(Collected data entries)
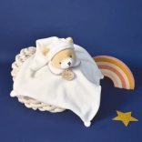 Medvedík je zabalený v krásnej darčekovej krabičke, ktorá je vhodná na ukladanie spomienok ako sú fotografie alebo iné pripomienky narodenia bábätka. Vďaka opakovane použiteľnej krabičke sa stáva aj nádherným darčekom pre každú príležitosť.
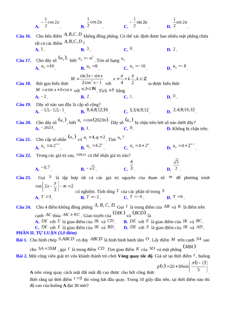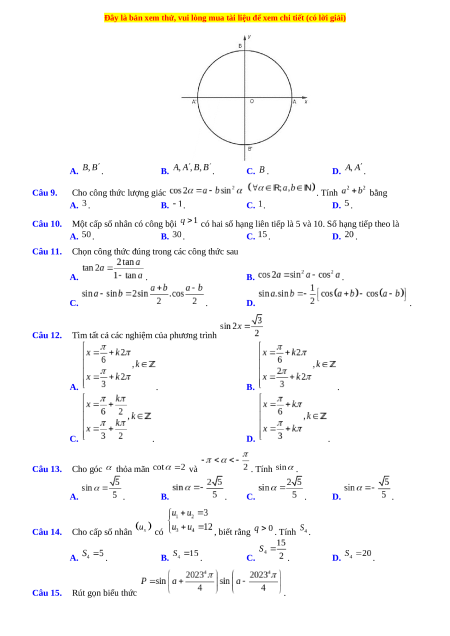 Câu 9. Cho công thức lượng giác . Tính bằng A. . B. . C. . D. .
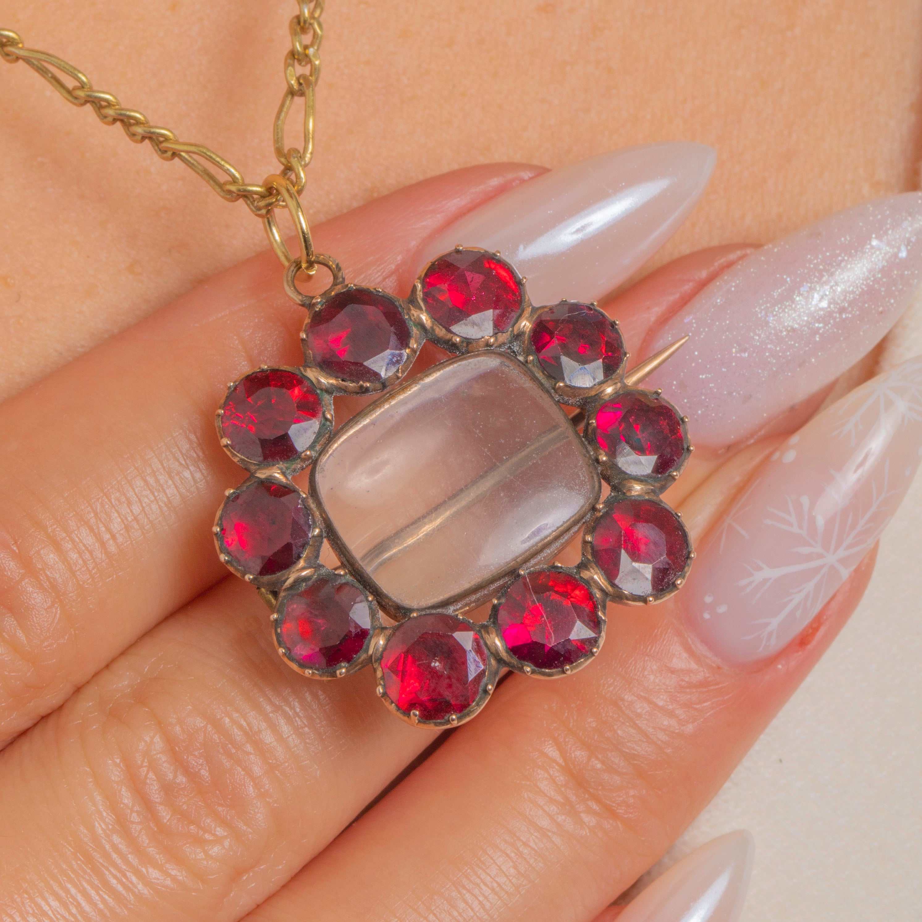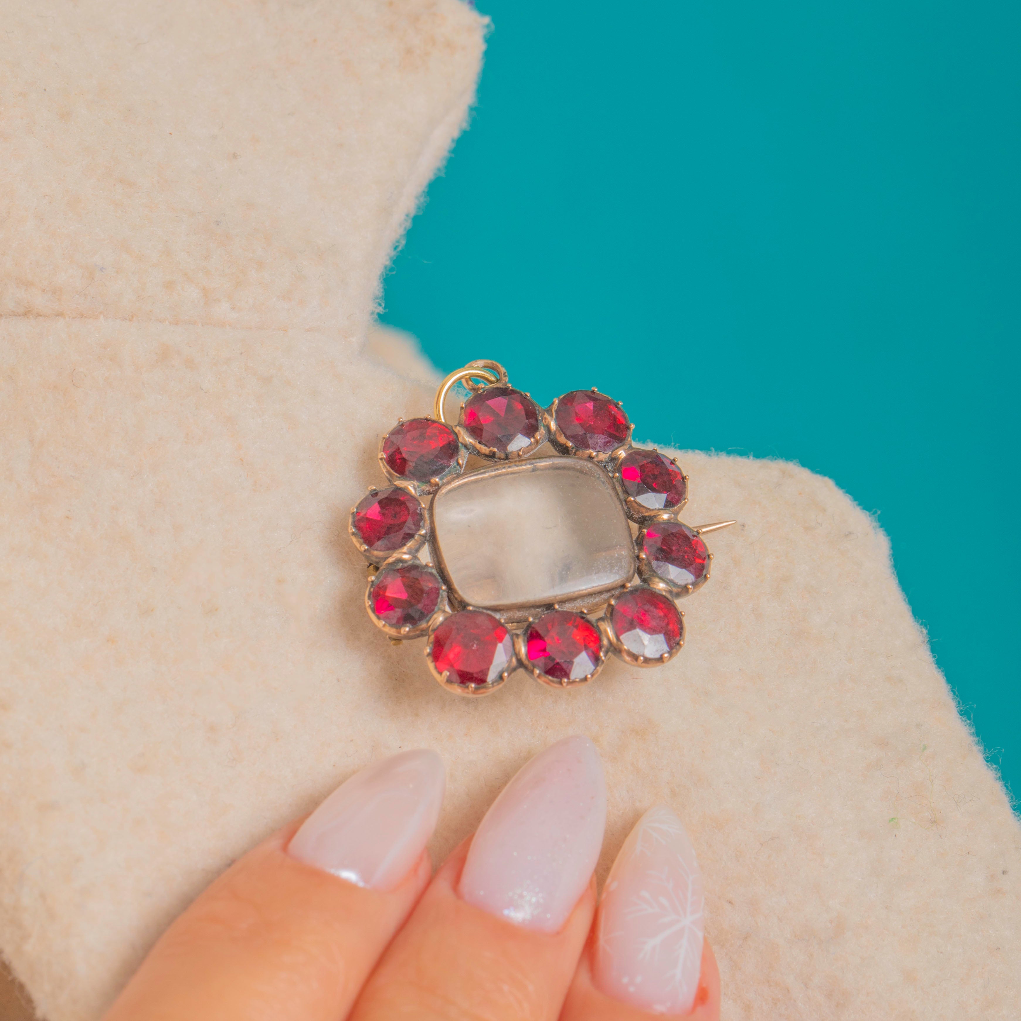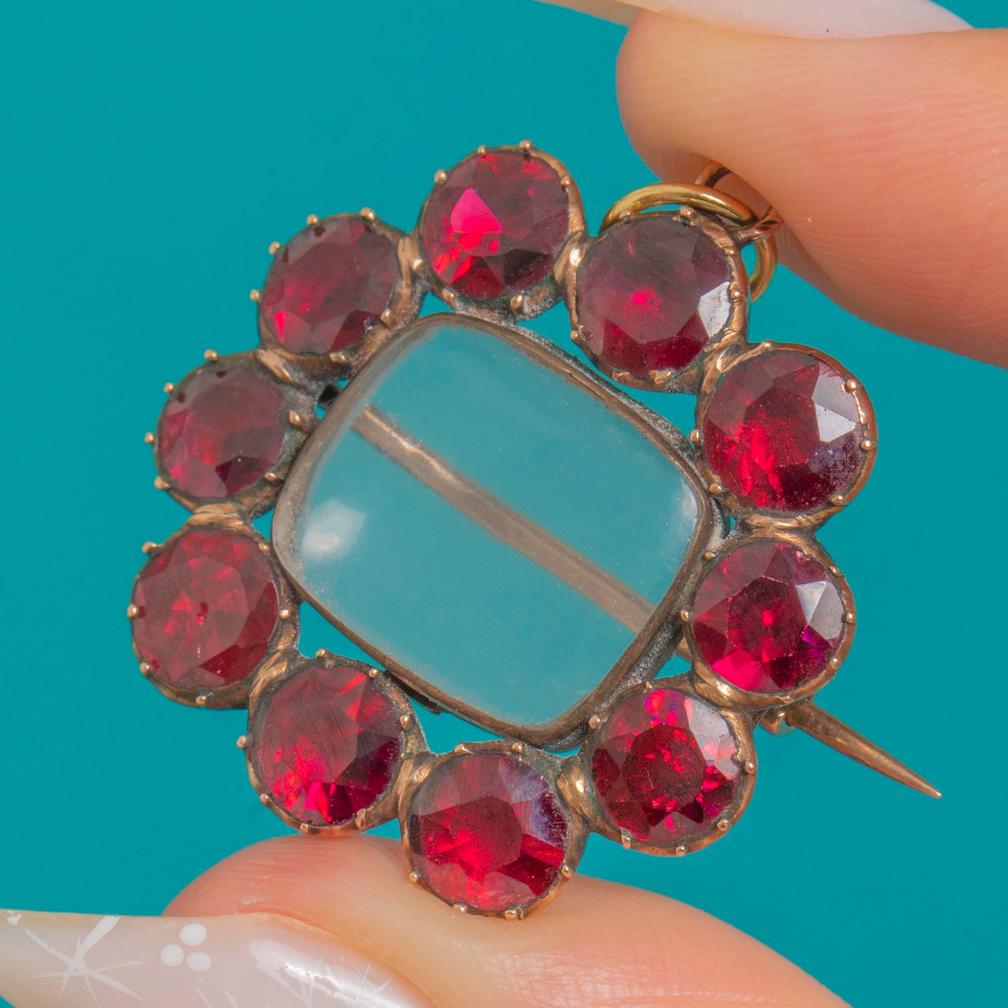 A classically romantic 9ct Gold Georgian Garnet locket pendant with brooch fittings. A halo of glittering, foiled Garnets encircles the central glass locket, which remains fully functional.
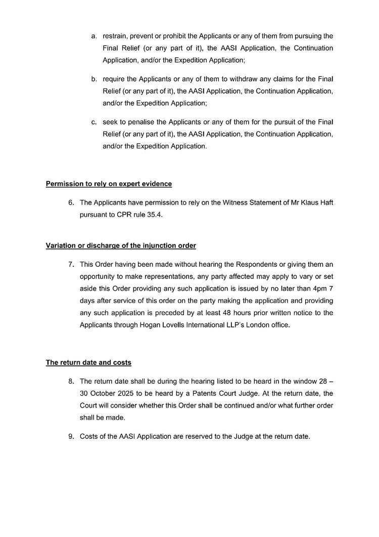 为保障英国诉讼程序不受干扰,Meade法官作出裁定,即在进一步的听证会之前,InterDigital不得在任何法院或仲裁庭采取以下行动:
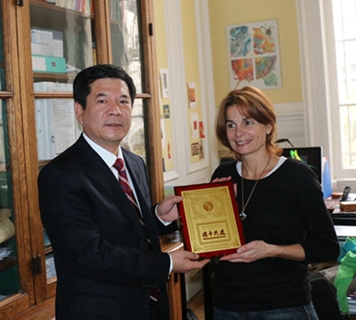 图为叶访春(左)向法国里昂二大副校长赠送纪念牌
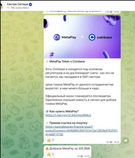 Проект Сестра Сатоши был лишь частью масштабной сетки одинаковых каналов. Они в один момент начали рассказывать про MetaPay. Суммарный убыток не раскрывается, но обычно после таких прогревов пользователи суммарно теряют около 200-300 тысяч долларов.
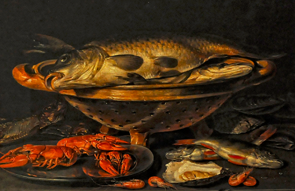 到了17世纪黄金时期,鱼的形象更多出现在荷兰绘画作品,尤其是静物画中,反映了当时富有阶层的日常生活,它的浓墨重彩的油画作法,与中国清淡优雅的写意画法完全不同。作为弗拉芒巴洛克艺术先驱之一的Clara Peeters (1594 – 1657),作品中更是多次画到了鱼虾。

Task goal: Return the records above verbatim, leaving out images.

Result for this task:
 Medvedík je zabalený v krásnej darčekovej krabičke, ktorá je vhodná na ukladanie spomienok ako sú fotografie alebo iné pripomienky narodenia bábätka. Vďaka opakovane použiteľnej krabičke sa stáva aj nádherným darčekom pre každú príležitosť.
 Câu 9. Cho công thức lượng giác . Tính bằng A. . B. . C. . D. .
 A classically romantic 9ct Gold Georgian Garnet locket pendant with brooch fittings. A halo of glittering, foiled Garnets encircles the central glass locket, which remains fully functional.
 为保障英国诉讼程序不受干扰,Meade法官作出裁定,即在进一步的听证会之前,InterDigital不得在任何法院或仲裁庭采取以下行动:
 图为叶访春(左)向法国里昂二大副校长赠送纪念牌
 Проект Сестра Сатоши был лишь частью масштабной сетки одинаковых каналов. Они в один момент начали рассказывать про MetaPay. Суммарный убыток не раскрывается, но обычно после таких прогревов пользователи суммарно теряют около 200-300 тысяч долларов.
 到了17世纪黄金时期,鱼的形象更多出现在荷兰绘画作品,尤其是静物画中,反映了当时富有阶层的日常生活,它的浓墨重彩的油画作法,与中国清淡优雅的写意画法完全不同。作为弗拉芒巴洛克艺术先驱之一的Clara Peeters (1594 – 1657),作品中更是多次画到了鱼虾。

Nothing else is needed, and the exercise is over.